§ Your assignment: Everything from the line containing "The only box with cacao" through the line containing "Figure 2. Visual" in the listing below should be copied exactly, and nothing more.

BEGIN Source records

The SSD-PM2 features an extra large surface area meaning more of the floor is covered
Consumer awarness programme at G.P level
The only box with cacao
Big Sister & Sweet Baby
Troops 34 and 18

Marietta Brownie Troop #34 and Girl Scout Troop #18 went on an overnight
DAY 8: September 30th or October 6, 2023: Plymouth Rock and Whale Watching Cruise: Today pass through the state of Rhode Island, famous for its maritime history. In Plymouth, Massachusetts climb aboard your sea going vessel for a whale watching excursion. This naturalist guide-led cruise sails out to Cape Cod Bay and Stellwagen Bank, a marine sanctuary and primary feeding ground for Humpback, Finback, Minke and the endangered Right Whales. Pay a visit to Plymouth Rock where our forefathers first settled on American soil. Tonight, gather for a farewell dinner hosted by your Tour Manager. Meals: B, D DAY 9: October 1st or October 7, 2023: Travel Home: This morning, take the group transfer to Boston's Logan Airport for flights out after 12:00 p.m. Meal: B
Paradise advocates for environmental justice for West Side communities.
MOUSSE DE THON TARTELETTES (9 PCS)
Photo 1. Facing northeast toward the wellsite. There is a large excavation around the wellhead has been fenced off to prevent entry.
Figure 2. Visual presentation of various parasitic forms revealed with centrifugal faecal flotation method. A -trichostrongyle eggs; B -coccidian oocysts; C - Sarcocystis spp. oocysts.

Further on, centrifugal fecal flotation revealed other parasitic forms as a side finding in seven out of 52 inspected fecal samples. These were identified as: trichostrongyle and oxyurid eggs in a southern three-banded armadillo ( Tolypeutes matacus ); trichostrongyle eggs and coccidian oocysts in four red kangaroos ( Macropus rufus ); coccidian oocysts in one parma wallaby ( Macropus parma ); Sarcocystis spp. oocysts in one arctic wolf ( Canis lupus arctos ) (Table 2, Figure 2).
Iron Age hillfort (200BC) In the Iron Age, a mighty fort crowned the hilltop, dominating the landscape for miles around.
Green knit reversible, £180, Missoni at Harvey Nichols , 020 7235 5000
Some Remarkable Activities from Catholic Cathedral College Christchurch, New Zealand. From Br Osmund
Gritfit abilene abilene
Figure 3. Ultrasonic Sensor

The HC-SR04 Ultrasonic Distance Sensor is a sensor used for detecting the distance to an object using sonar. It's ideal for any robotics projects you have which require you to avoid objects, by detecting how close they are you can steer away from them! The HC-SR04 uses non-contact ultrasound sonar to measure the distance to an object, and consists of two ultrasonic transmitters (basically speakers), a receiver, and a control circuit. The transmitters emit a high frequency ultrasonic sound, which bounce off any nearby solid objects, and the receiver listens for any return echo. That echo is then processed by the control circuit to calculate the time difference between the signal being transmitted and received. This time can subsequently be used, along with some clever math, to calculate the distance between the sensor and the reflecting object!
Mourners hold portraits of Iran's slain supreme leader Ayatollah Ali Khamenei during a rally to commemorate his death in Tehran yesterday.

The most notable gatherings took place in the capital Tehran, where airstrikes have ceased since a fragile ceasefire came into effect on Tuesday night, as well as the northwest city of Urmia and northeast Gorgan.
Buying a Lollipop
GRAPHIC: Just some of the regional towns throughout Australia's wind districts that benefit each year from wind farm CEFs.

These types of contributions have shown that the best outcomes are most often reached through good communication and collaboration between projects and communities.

END Source records
BEGIN Source records

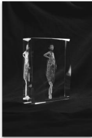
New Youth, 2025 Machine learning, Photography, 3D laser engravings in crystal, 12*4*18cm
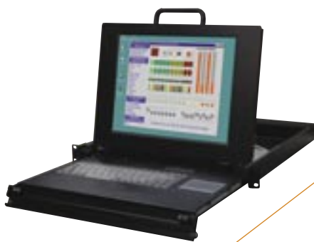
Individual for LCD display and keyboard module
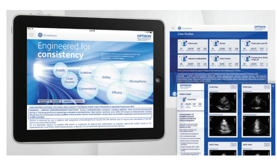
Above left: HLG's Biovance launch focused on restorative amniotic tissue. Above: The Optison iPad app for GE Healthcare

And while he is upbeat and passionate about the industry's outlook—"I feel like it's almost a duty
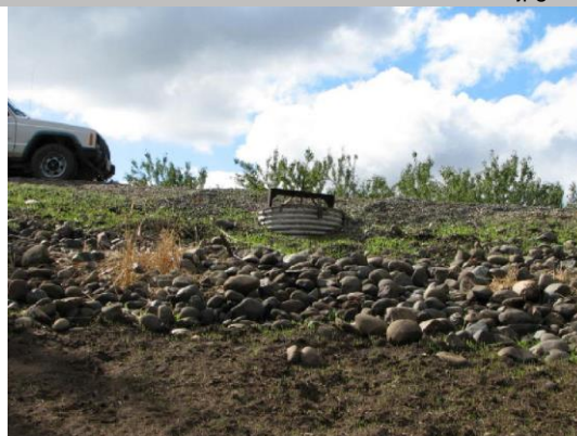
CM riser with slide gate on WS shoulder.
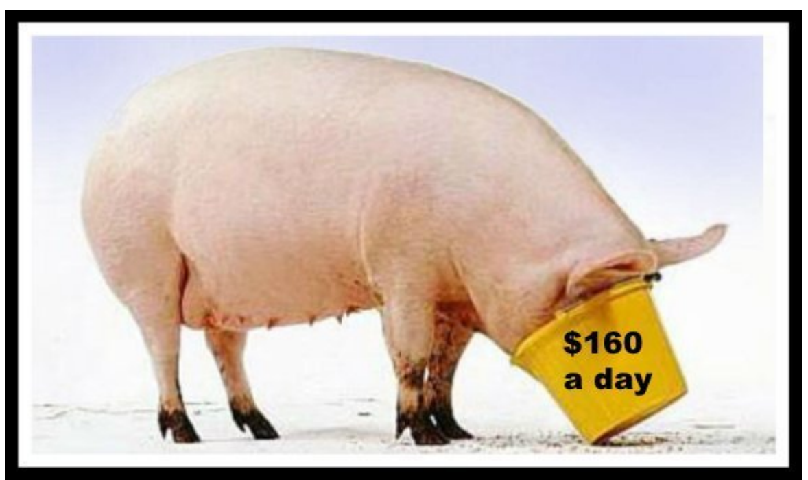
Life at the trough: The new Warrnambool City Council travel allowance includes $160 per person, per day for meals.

END Source records
BEGIN Source records

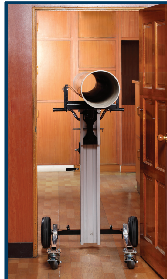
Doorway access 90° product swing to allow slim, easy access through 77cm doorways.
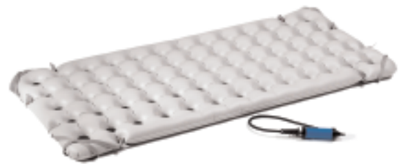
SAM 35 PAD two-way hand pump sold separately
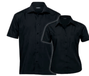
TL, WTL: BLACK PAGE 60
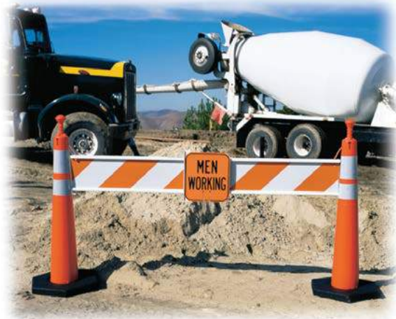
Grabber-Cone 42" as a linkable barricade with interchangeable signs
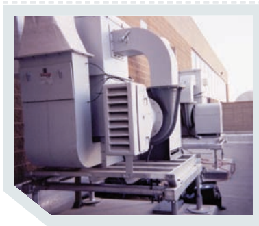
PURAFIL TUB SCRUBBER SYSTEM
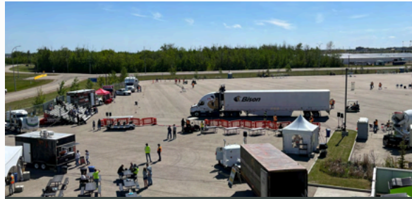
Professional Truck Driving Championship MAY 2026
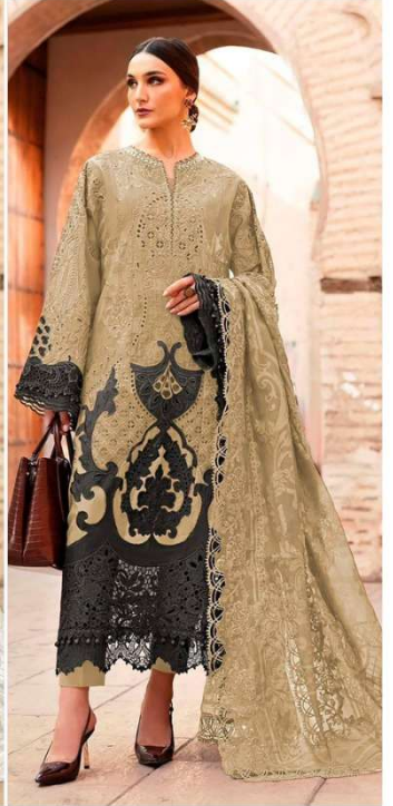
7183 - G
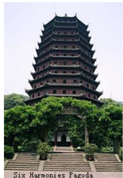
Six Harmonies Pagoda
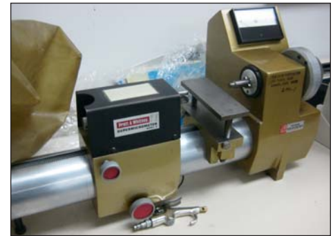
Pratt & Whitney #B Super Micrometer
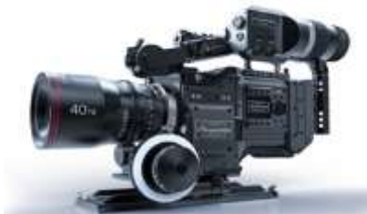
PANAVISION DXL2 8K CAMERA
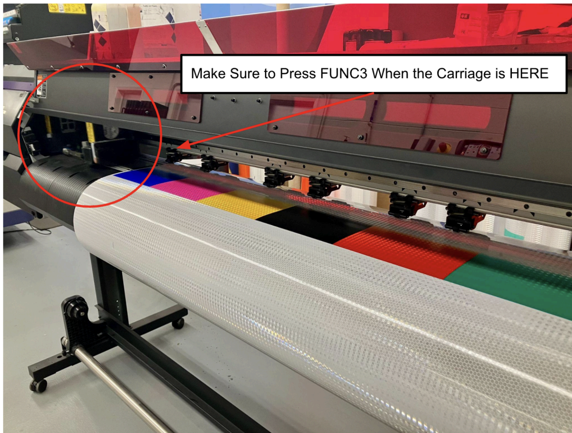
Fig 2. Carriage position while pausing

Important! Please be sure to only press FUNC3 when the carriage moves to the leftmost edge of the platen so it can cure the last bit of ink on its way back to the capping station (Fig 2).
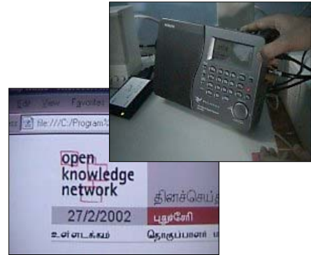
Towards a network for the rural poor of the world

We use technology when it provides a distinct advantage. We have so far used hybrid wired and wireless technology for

END Source records

§ Solution:
The only box with cacao
Big Sister & Sweet Baby
Troops 34 and 18

Marietta Brownie Troop #34 and Girl Scout Troop #18 went on an overnight
DAY 8: September 30th or October 6, 2023: Plymouth Rock and Whale Watching Cruise: Today pass through the state of Rhode Island, famous for its maritime history. In Plymouth, Massachusetts climb aboard your sea going vessel for a whale watching excursion. This naturalist guide-led cruise sails out to Cape Cod Bay and Stellwagen Bank, a marine sanctuary and primary feeding ground for Humpback, Finback, Minke and the endangered Right Whales. Pay a visit to Plymouth Rock where our forefathers first settled on American soil. Tonight, gather for a farewell dinner hosted by your Tour Manager. Meals: B, D DAY 9: October 1st or October 7, 2023: Travel Home: This morning, take the group transfer to Boston's Logan Airport for flights out after 12:00 p.m. Meal: B
Paradise advocates for environmental justice for West Side communities.
MOUSSE DE THON TARTELETTES (9 PCS)
Photo 1. Facing northeast toward the wellsite. There is a large excavation around the wellhead has been fenced off to prevent entry.
Figure 2. Visual presentation of various parasitic forms revealed with centrifugal faecal flotation method. A -trichostrongyle eggs; B -coccidian oocysts; C - Sarcocystis spp. oocysts.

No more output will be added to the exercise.